[Data]:
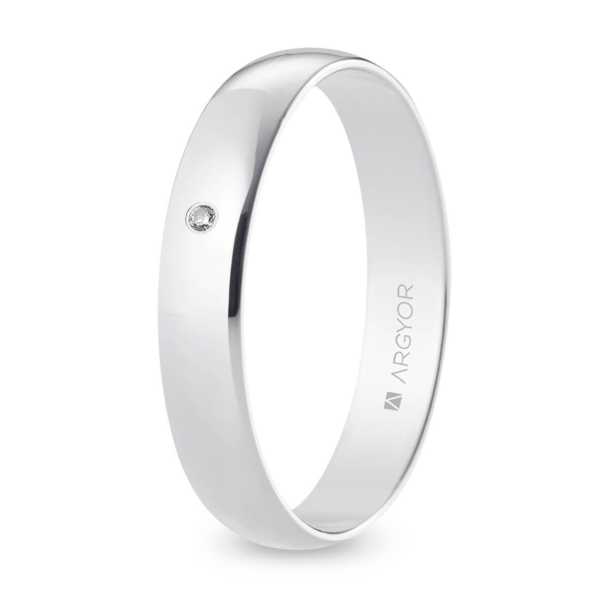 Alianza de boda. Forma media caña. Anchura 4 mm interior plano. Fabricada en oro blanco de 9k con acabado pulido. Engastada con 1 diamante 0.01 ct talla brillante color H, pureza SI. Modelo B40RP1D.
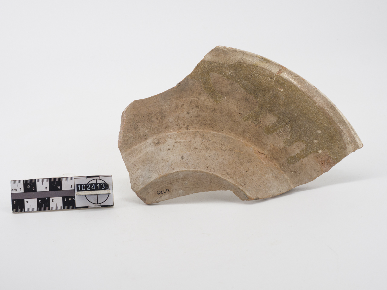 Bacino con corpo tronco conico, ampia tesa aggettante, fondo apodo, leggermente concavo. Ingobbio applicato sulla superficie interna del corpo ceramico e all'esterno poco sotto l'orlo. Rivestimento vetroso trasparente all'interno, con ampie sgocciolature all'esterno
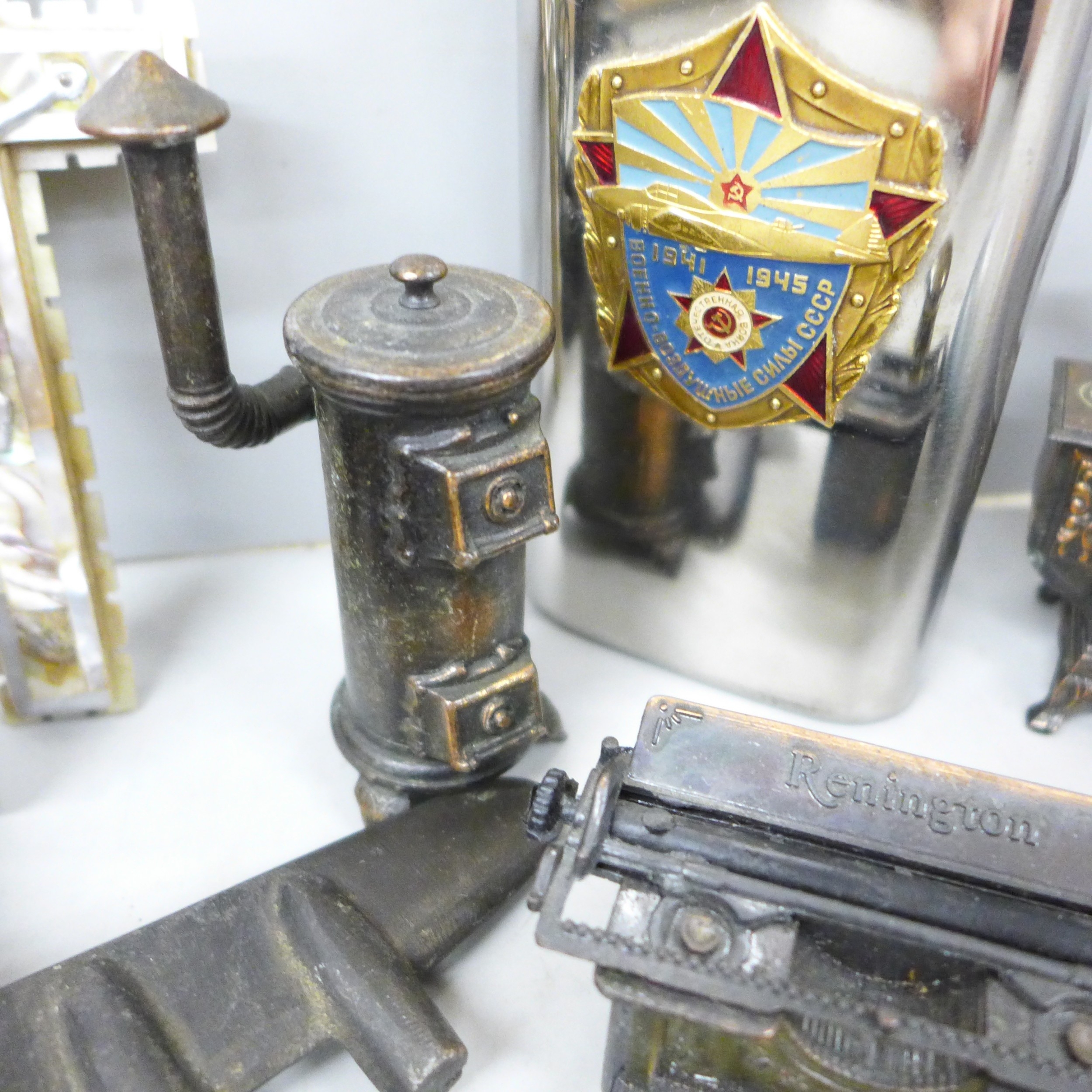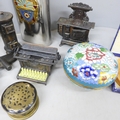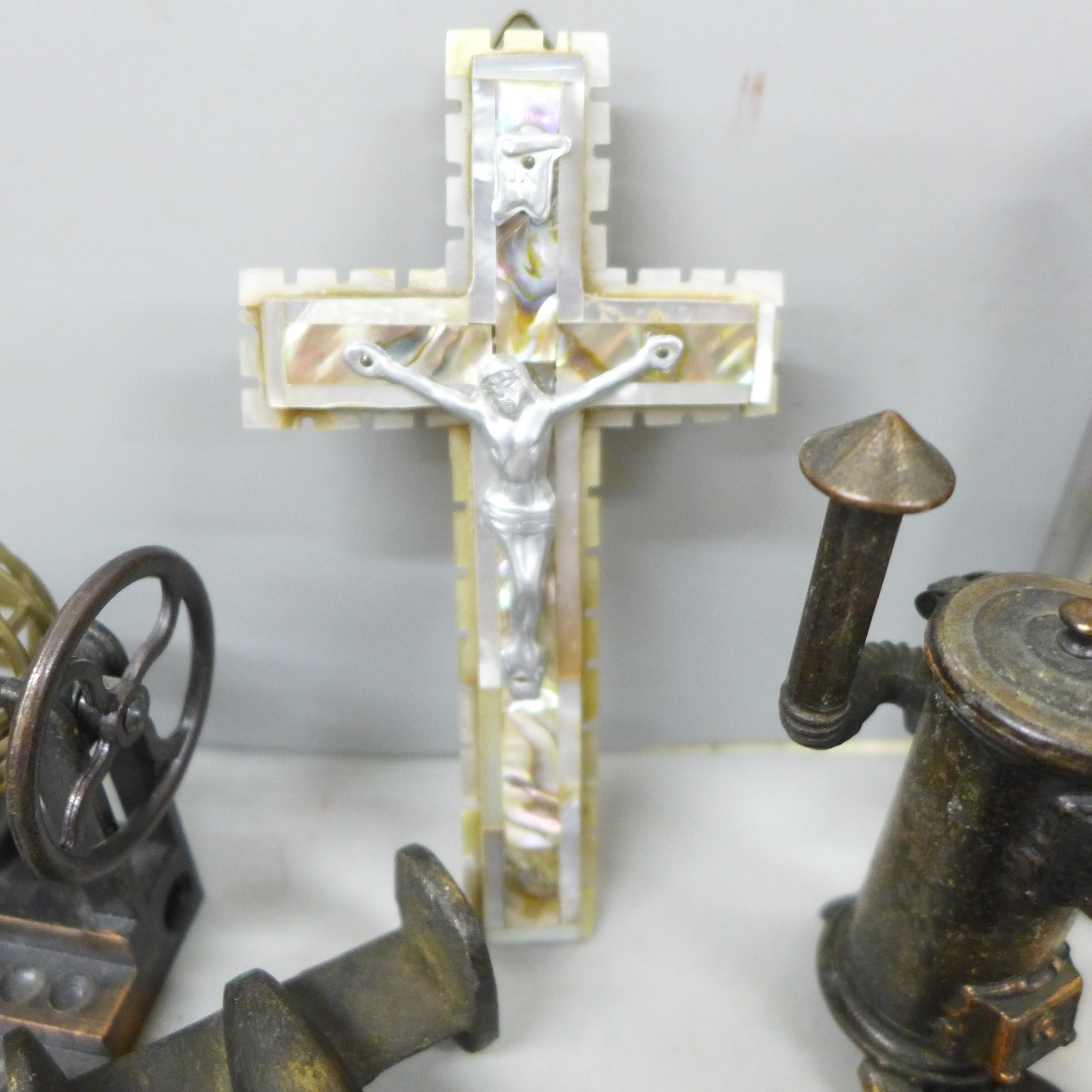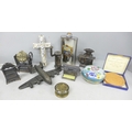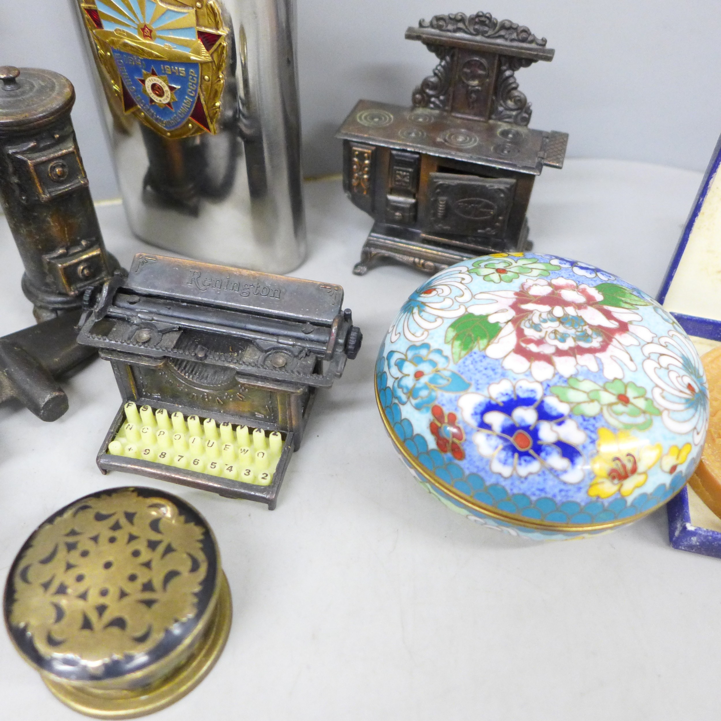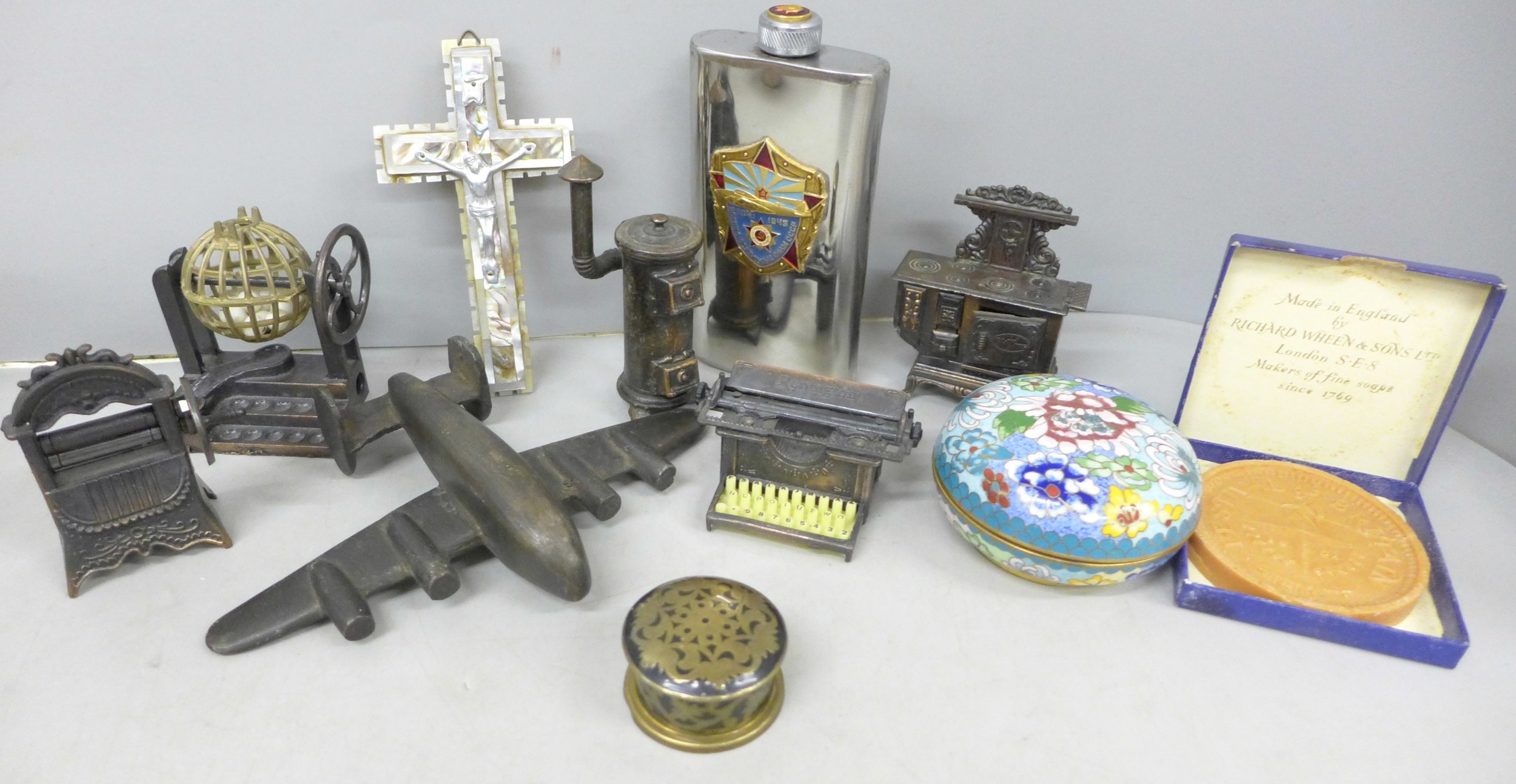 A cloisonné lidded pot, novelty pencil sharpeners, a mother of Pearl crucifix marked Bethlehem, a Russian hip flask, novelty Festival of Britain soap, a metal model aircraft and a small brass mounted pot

[Task]: Word for word, print all of the data; skip the pictures.

[Task solution]:
 Alianza de boda. Forma media caña. Anchura 4 mm interior plano. Fabricada en oro blanco de 9k con acabado pulido. Engastada con 1 diamante 0.01 ct talla brillante color H, pureza SI. Modelo B40RP1D.
 Bacino con corpo tronco conico, ampia tesa aggettante, fondo apodo, leggermente concavo. Ingobbio applicato sulla superficie interna del corpo ceramico e all'esterno poco sotto l'orlo. Rivestimento vetroso trasparente all'interno, con ampie sgocciolature all'esterno
 A cloisonné lidded pot, novelty pencil sharpeners, a mother of Pearl crucifix marked Bethlehem, a Russian hip flask, novelty Festival of Britain soap, a metal model aircraft and a small brass mounted pot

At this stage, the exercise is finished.